The biggest increases have been for the Newfoundland and Labrador Liberals (+21) and Dennis King's PCs in P.E.I. (+16). John Horgan's B.C. NDP parlayed their polling gains into a majority government in the province's October election.

Scott Moe's Saskatchewan Party also won re-election in October. The party has not seen a bump in the polls since the beginning of the year — but since it had 58 per cent support in February, it hardly matters.

The Manitoba PCs are the only governing party to see its position worsen over the course of the pandemic. The party has dropped six points in polling by the Angus Reid Institute since February, putting it one percentage point behind the opposition New Democrats. Though Probe Research was not in the field in February, a new survey by the Manitoba-based polling firm has the NDP ahead by four points — the party's first lead in Probe's polling since 2012.

The Manitoba New Democrats are a rare example of an opposition party doing better during the pandemic. Six of 11 Official Opposition parties have lost support since February and only two have made gains of three points or more — the other being the Alberta New Democrats.

On average, Official Opposition parties have lost 2.4 points in the polls since February. The biggest drops have been suffered by the Greens in P.E.I. (-10) and the PCs in Newfoundland and Labrador (-9).

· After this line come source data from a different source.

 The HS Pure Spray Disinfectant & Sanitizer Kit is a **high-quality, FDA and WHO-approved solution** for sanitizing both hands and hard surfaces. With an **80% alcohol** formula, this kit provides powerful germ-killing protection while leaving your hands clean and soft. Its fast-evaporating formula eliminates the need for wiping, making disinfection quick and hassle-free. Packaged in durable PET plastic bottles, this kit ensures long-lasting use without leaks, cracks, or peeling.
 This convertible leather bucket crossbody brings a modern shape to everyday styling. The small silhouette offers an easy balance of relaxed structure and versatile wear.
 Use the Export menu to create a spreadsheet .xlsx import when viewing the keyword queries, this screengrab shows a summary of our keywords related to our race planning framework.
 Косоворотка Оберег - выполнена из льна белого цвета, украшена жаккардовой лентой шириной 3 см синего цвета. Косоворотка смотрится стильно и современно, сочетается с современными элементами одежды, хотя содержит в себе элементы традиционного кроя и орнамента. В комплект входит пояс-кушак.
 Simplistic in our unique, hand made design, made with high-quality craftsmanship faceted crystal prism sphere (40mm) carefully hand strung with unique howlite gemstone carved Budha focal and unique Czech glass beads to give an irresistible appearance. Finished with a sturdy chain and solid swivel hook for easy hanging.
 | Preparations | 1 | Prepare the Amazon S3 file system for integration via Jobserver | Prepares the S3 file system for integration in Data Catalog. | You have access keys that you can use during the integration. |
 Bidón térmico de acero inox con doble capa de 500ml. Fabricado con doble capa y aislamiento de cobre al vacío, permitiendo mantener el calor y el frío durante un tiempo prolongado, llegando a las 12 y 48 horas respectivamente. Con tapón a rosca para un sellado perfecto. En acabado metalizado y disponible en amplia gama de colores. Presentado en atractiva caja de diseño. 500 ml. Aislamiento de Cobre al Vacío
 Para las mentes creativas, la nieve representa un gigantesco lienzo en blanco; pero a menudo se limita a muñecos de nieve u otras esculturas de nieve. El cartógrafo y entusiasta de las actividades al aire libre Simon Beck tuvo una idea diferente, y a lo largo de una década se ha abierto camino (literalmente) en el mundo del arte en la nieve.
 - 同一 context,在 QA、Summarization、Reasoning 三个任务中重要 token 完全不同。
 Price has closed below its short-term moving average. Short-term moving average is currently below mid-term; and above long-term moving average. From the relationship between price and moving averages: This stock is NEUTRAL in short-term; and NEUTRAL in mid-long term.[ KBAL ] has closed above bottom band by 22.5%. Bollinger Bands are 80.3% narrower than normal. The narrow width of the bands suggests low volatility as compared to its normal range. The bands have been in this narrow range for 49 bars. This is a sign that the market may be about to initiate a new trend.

But it's even worse to have no official role whatsoever. None of the 14 federal or provincial parties with seats in a legislature that form neither a government nor an Official Opposition have made gains in the polls since February. On average, those parties have lost three percentage points — tough points to lose for parties that generally have lower support to begin with.

Few scheduled elections on the horizon

Though the incumbent parties in British Columbia, New Brunswick and Saskatchewan were able to capitalize on their strong support with election victories in 2020, only Newfoundland and Labrador is scheduled to go to the polls next year.

Nova Scotia, which has no fixed election date law, could hold an election in 2021 since that will mark four years since the province's last vote. But an election is not legally required in Nova Scotia until 2022.

Some leaders could be tempted to call an early election, however. With the exception of the United Conservatives in Alberta and the Manitoba PCs, every governing party has a clear lead in the polls in their province, or federally in the case of the Liberals.

With a minority government in Ottawa, Trudeau or the opposition parties can kick off a new campaign whenever they like. Ontario and Quebec have an election date on the calendar in 2022 — but there's nothing to stop premiers Ford and François Legault from pulling the plug sooner.

(From right to left): Manitoba Premier Brian Pallister, Quebec Premier François Legault, Ontario Premier Doug Ford and Alberta Premier Jason Kenney. Ford and Legault have improved their political standings in the polls since February. Pallister and Kenney have not.(Sean Kilpatrick / Canadian Press)

That thought may have crossed their minds already, because in a pandemic climate, there's no way to know for sure what's coming next. Successful navigation of the next stage of the pandemic could keep their buoyant polling numbers afloat throughout 2021 and beyond.

But another wave of COVID-19 (or the continuation of the current one), a botched vaccine roll-out or the impact of a gutted economy could send these positive poll numbers plummeting — just as quickly as public opinion was upended back in the spring.